Kost-Mikucki S A, Oblinger M M
Department of Cell Biology and Anatomy, Chicago Medical School, IL 60064.
J Neurosci Res. 1991 Feb;28(2):182-91. doi: 10.1002/jnr.490280205.
We examined changes in the expression of glial fibrillary acidic protein (GFAP) mRNA during Wallerian degeneration in the corticospinal system of the adult Golden hamster following axotomy. GFAP is the product of a type III intermediate filament (IF) gene that is expressed specifically in mature astrocytes. A well-studied component of a complex response termed reactive astrogliosis that occurs after various types of CNS injury is the increased production of astrocytic processes filled with GFAP-containing IFs. While increased expression of GFAP during reactive astrogliosis has been well established at the protein level, little is known about whether or not changes in GFAP mRNA levels occur after CNS injury. In the present study we used in situ hybridization methods to examine this issue. A 35S-labeled mouse GFAP cDNA probe was used for in situ hybridizations of sections of the brain stem obtained 2, 7, and 14 days after unilateral transections of the corticospinal tract in the caudal medulla. Film as well as emulsion autoradiography showed a dramatic increase in GFAP mRNA labeling associated with the degenerating corticospinal tract.

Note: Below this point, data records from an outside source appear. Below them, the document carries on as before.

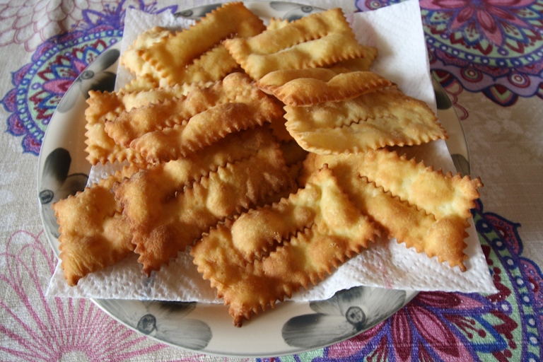 In alternativa, se volete percorrere una strada più salutare, potete disporre i rettangolini ottenuti dall’impasto su una teglia rivestita con carta da forno e cuocere le chiacchiere in forno già caldo a 180° per circa 15 minuti.
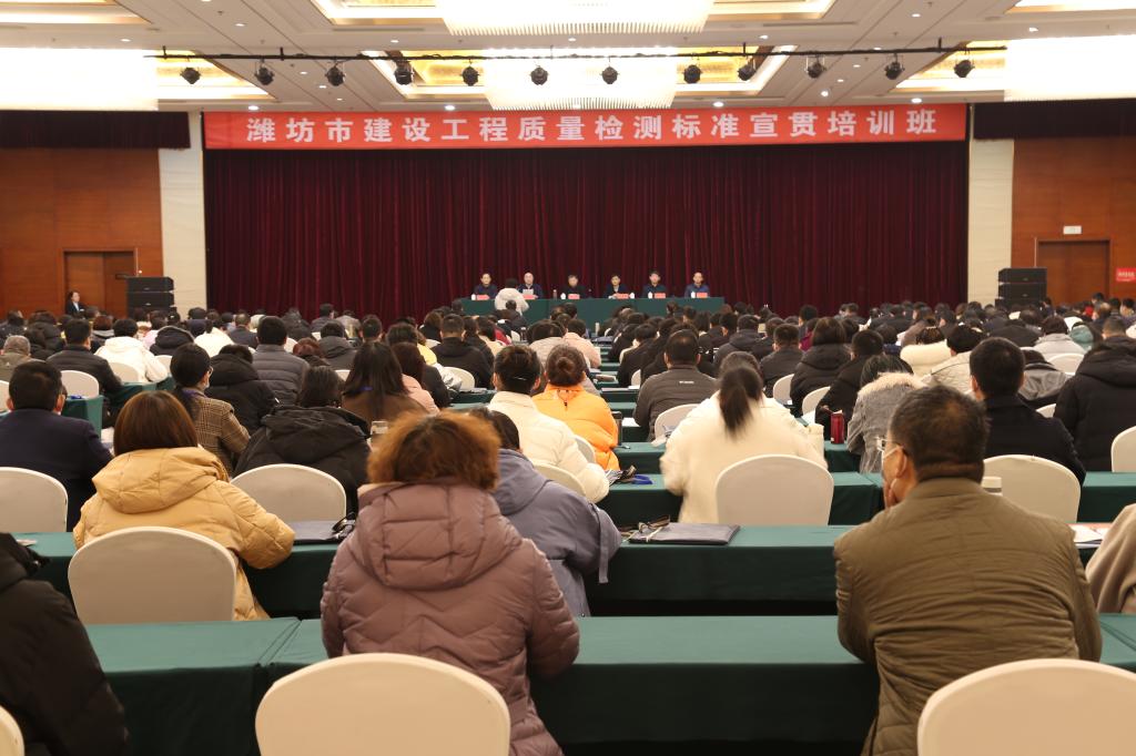 为充分发挥学院社会服务功能,2月24日,我院承办的潍坊市建设工程质量标准宣贯培训班启动,并举办第一期培训。副院长王金明,潍坊市建筑业发展服务中心领导许增贤、邢新华、王学进出席开班仪式。来自全市检测机构业务主管部门,检测机构技术负责人、实验室主任、业务室主任等300余人参加。
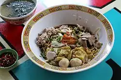 Hill Street Tai Hwa Pork Noodle is a street food stall, one of 6,000 such stalls within Singapore.[1] It was founded in the 1930s by Tang Joon Teo, but after he fell ill during the 1960s, his second son Chay Seng took over its management.[2] When Tang Joon Teo died in 1995, he left the stall to his three sons. Tang Chay Seng continues to run the stall, which was originally located at Hill Street, it moved in the 1990s to Marina Square and again in 2004 to Crawford Lane.[3]
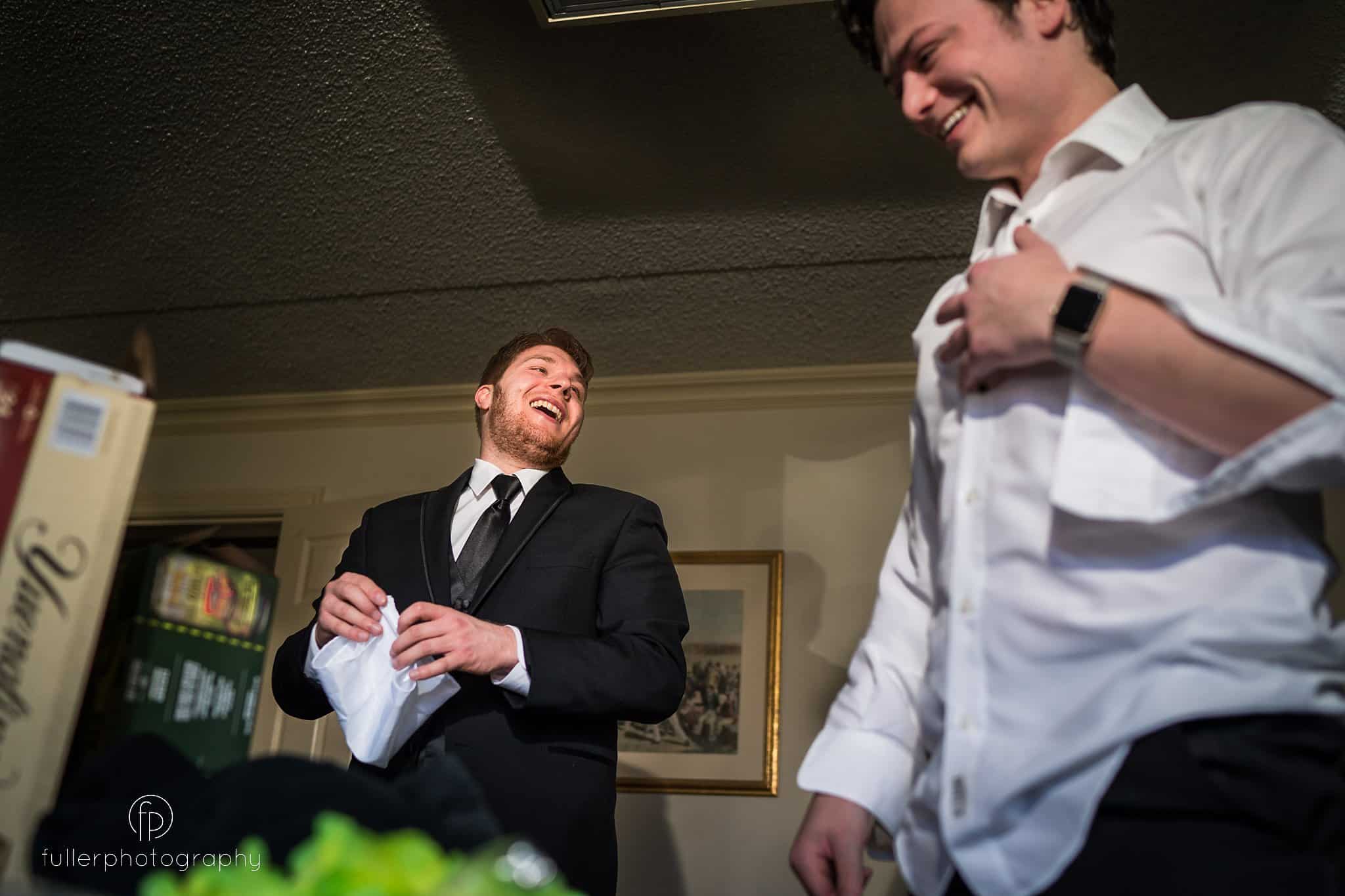 Groom and Groomsmen having fun during their Desmond Hotel Wedding
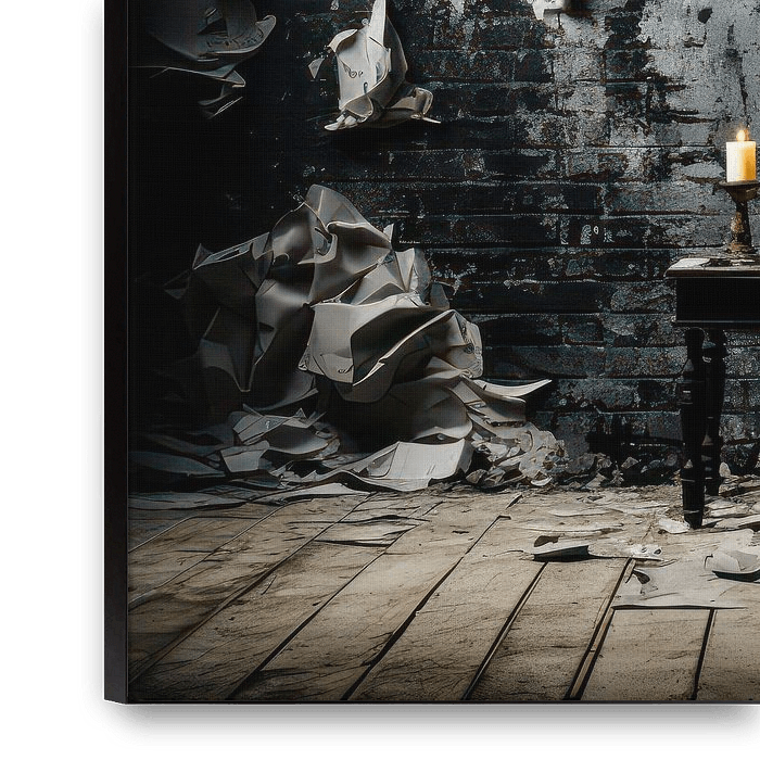 In this artistic composition, the raw texture of an old, weathered brick wall merges with a deep, almost mystical atmosphere. The wall, once solid and stable, now appears to be in a slow process of decay, with flaking plaster peeling off the walls like leaves. Some of the broken pieces are still hanging on the wall, while others are…
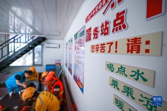 7月7日,在山東省榮成市觀海路東段一處戶外勞動(dòng)者“愛(ài)心驛站”,志愿者為環(huán)衛(wèi)工人、外賣配送員等戶外工作者沏茶、加水。
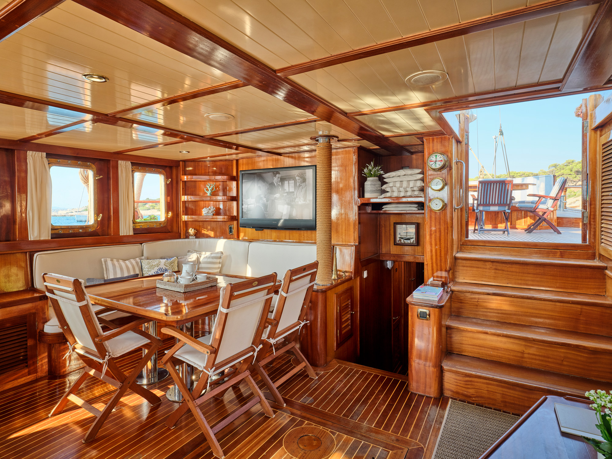 Aboard MYRA, the salon is in the raised deck house, large ports allow ample natural light and great viewing.
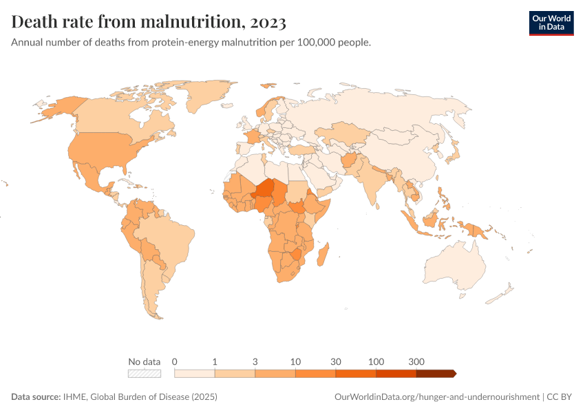 IHME, Global Burden of Disease (2025) – with major processing by Our World in Data. “Death rate from malnutrition” [dataset]. IHME, Global Burden of Disease, “Global Burden of Disease - Deaths” [original data]. Retrieved February 23, 2026 from https://chart-preview-staging.owid.pages.dev:8789/20260211-174736/grapher/death-rate-from-malnutrition.html (archived on February 11, 2026).
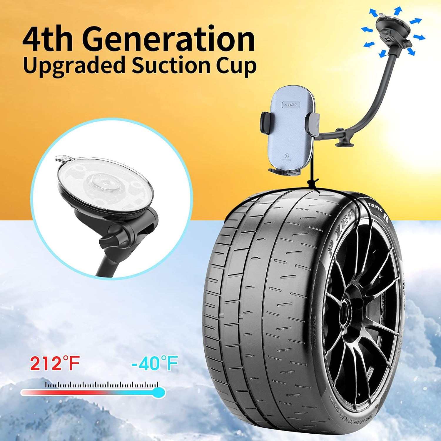 Car Phone Holder Mount Wireless Charging, 15W Wireless Car Charger Mount, Windshield Dash Phone Holder [With QC 3.0 Adapter] Compatible with Iphone 13 12 Mini 11 Pro Max, Samsung, Lg-Iron Gray
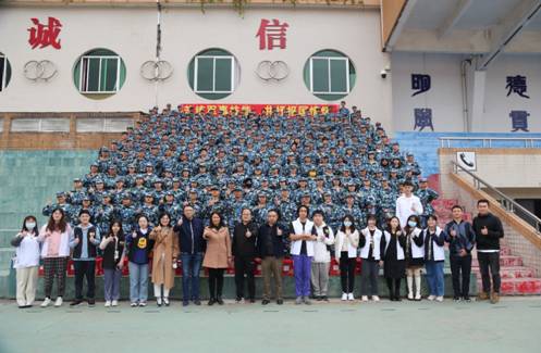 本网讯 1月10日下午,日语语言文化学院、亚非语言文化学院(筹)党委书记周秀娇,副院长张志刚、胡瑞,党委副书记曾智鹏,辅导员、2020级朋辈导师和学院团学成员一行来到2021级本科生军训训练场慰问我院全体在训新生。
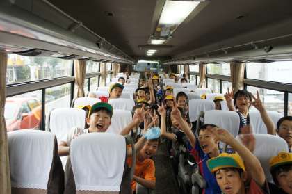 5年生163名,欠席者は0。全員がそろっての出発です。
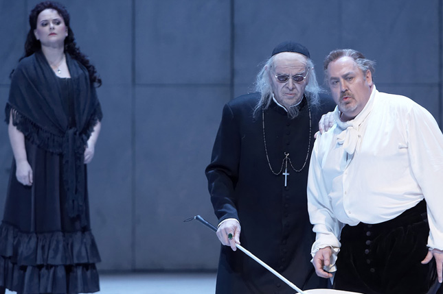 Тут і гостра лінія інтриг Великого інквізитора, у ролі якого прекрасно виглядав величезного росту уродженець Ісландії, зрілий бас Крістінн Зігмундссон. І чистий образ простого ченця-утішника, який у містичному фіналі перетворюється на покійного короля Карла V, діда спадкоємця іспанської корони. Немов якими чарами він спускається з небес і забирає приречених на загибель закоханих - Карлоса і Єлизавету - у ліпші світи (виразно-гнучкий бас чилійця Бруно Варгаса).
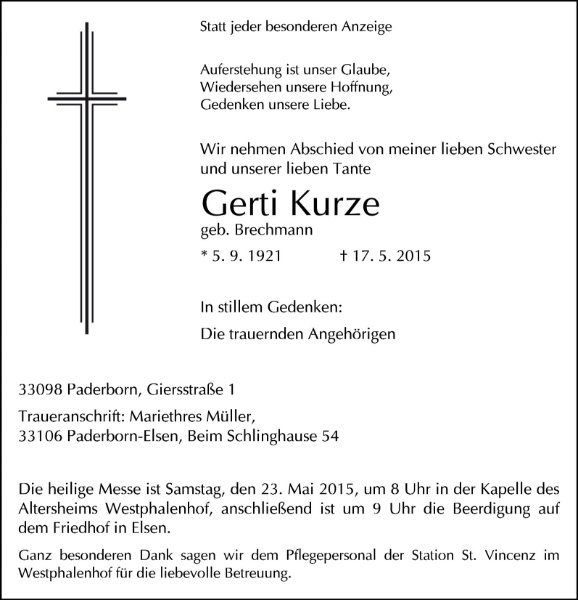 Gertrud Kurze geb. Brechmann
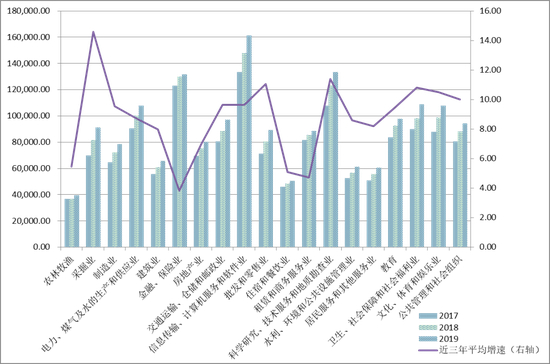图3 近三年城镇非私营单位项下不同行业平均工资及增速情况
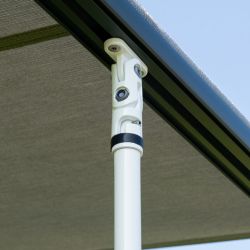 Opcje:Oświetlenie LED w ramionach, Pilot do sterowania, Podpory teleskopowe usztywniające konstrukcje markizy – nie można ich stosować wraz ze stacją pogodową, Podświetlany logotyp na owiewce, Silnik elektryczny, Stacja pogodowa

GFAP mRNA levels were already dramatically increased in the injured corticospinal tract by 2 days post axotomy and remained elevated at 14 days. Interestingly, in addition to the robust increase in GFAP mRNA levels specifically associated with the degenerating tract, a diffuse increase in GFAP mRNA labeling was observed throughout the grey matter of the brain stem at 2 days post-axotomy, but not after this time. Immunoblotting and immunocytochemical experiments verified that the increased GFAP mRNA levels in the degenerating corticospinal system were accompanied by an increased expression of the protein. These results demonstrate that an increase in GFAP mRNA levels occurs during Wallerian degeneration in the CNS and suggest that increased expression of the GFAP gene is a major contributor to CNS scarring that results after direct traumatic injury.
我们研究了成年金黄地鼠皮质脊髓系统在轴突切断后沃勒变性过程中胶质纤维酸性蛋白(GFAP)mRNA表达的变化。GFAP是III型中间丝(IF)基因的产物,在成熟星形胶质细胞中特异性表达。反应性星形胶质化是在各种类型的中枢神经系统损伤后发生的一种复杂反应,其一个经过充分研究的组成部分是充满含GFAP的IF的星形胶质细胞突起的产生增加。虽然在反应性星形胶质化过程中GFAP表达的增加在蛋白质水平上已得到充分证实,但对于中枢神经系统损伤后GFAP mRNA水平是否发生变化却知之甚少。在本研究中,我们使用原位杂交方法来研究这个问题。一个35S标记的小鼠GFAP cDNA探针用于对在延髓尾部单侧切断皮质脊髓束后2天、7天和14天获得的脑干切片进行原位杂交。胶片以及乳胶放射自显影显示,与变性的皮质脊髓束相关的GFAP mRNA标记显著增加。轴突切断后2天,损伤的皮质脊髓束中的GFAP mRNA水平就已显著增加,并在14天时仍保持升高。有趣的是,除了与变性束特异性相关的GFAP mRNA水平的强劲增加外,在轴突切断后2天,在整个脑干灰质中观察到GFAP mRNA标记的弥漫性增加,但在此之后则没有。免疫印迹和免疫细胞化学实验证实,变性的皮质脊髓系统中GFAP mRNA水平的增加伴随着该蛋白表达的增加。这些结果表明,在中枢神经系统的沃勒变性过程中GFAP mRNA水平会升高,并表明GFAP基因表达的增加是直接创伤性损伤后中枢神经系统瘢痕形成的主要原因。